I. Demand background and design
One of the recently developed requirements requires real-time statistics of the average score of the evaluation based on the content of the evaluation, allowing a second-level delay.
This is a very traditional statistical model, where streams are stored through evaluated services and statistics are stored in the form of MQ asynchronous insert or update. Because of the need to count the average score, the library table is designed to store the total score of the evaluation and the number of evaluators. The simplified synchronization process is shown in figure 1.
Advantages of the scheme:
- It prevents repeated query of the historical data of the day and reduces unnecessary calculation.
- There are direct data updates, MySQL unique constraints to handle concurrent situations, no need to lock the query and update.
Disadvantages of this scheme: 1. The midempotency of MQ needs to be guaranteed to the maximum extent, and a record of a class ID can only be consumed once. If messages are repeatedly consumed, subsequent data statistics are affected and the flow data needs to be manually computed again.
Second, ensure the idempotency of MQ
There are concurrent requests in the front end of this demand. It is possible that multiple unique identification streams may be sent at the same time. Only one of them needs to be counted.
2.1 Common midempotent SCHEMES for MQ
Traditional schemes to ensure idempotency of MQ consumption are based on consistency identification to prevent repeated sending – or repeated consumption.
- For message producers:
In concurrent cases, it is only necessary to ensure that the first data update process upstream cannot be queried and updated by other threads, because subsequent incoming requests will query the database first, as shown in the figure.
- For message consumers:
1. Perform status query before performing service operations:
When the consumer starts to perform business operations, it first queries the business status by idempotent ID, for example, modifying the order status. When the order status is successful/failed, no further processing is required. Before the consumption logic is executed, the order status is queried by the order number. Once the order status is obtained, the message is submitted to inform the broker that the message status is consumeStatus.consume_SUCCESS.

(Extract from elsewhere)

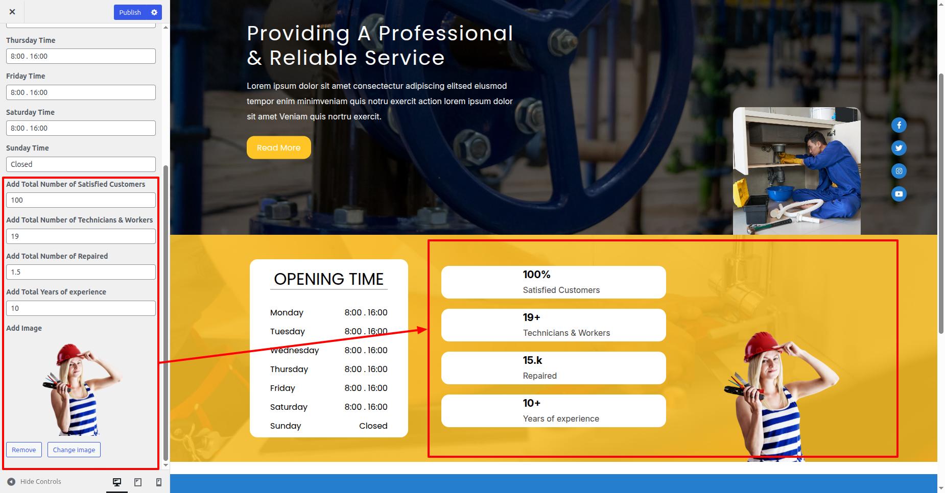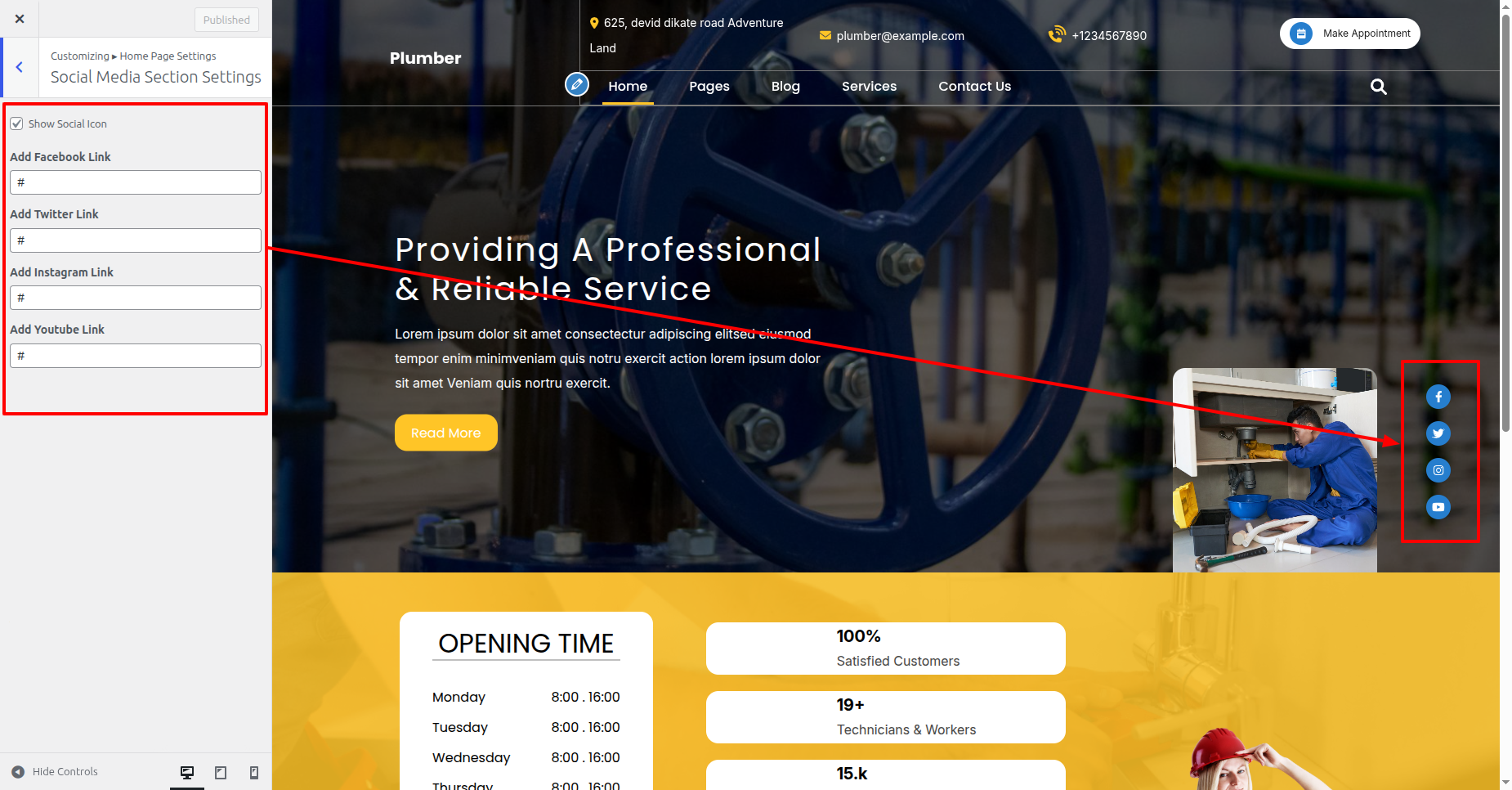 Select Social Media Section from Appearance >> Customize >> Home Page Settings >> Social Media Section Settings .

2. Uniqueness constraint: set the database unique constraint, ensure the uniqueness of data under the worst conditions.
The first operation does not guarantee must not duplicate data, such as: concurrent insert scenarios, if not optimistic locking, distributed lock as guarantee under the premise of data is very likely to be repeated injection operation, so we must add the uniqueness of idempotent id index, so it can guarantee in concurrent scenarios also can guarantee the uniqueness of the data.
3. Introduce locking
In the first point above, in the case of concurrent update, if the update is carried out without pessimistic lock, optimistic lock, distributed lock and other mechanisms, it is likely that multiple updates will lead to inaccurate status. For example, to update the order status, the service requires that the order can only be updated from the initial -> Processing, processing -> Success, processing -> failure, not across the status update. If there is no locking mechanism, it is likely that initialized orders will be updated as successful, successful orders will be updated as failed, and so on. In the case of high concurrency, it is recommended to define service state changes through state machines. Optimistic locking and distributed locking mechanisms are used to ensure that the results of multiple updates are determined. Pessimistic locking is not recommended in the case of concurrency, which is not conducive to the improvement of service throughput.
4. Message record table: this scheme is similar to the idempotent operation done by the business layer, specifying unique constraints, storing message flow, and indirectly realizing idempotent consumption.
First prepare a message form, at the same time in the consumption of successful insert a has been successfully processed the message id of the record to the table, pay attention to must with business operations in the same things, when new messages arrive, according to the new message id query whether the id already exists in the table, if there is suggests that message has been consumption, Then, you can discard the message and no further business operations can be performed.
2.2 Select solutions based on services
First, define unique identifiers. According to business requirements, the class ID and the date of the day are taken as unique identifiers. (There are other business fields that need to be unique identifiers, which are simplified in this article)
Refer to the above solution to eliminate the unusable solution
2.2.1 Scheme selection
After discussion, the lock of the evaluation service and the statistic service are coupled. To decouple and improve the code readability of the evaluation service. Decide to use a message log for message de-duplication.
The storage scheme of message record table can be selected according to the service level from statistical dimension to day level. Automatic expiration support is preferred.
2.2.2 Additional protection ensures data correctness
-
Front end: do a good job of anti-shake mechanism to prevent misoperation
-
Back-end: Notifies event alarms, generates alarms when SQL update failures or network problems occur, and keeps records. Data will be restored in a unified manner.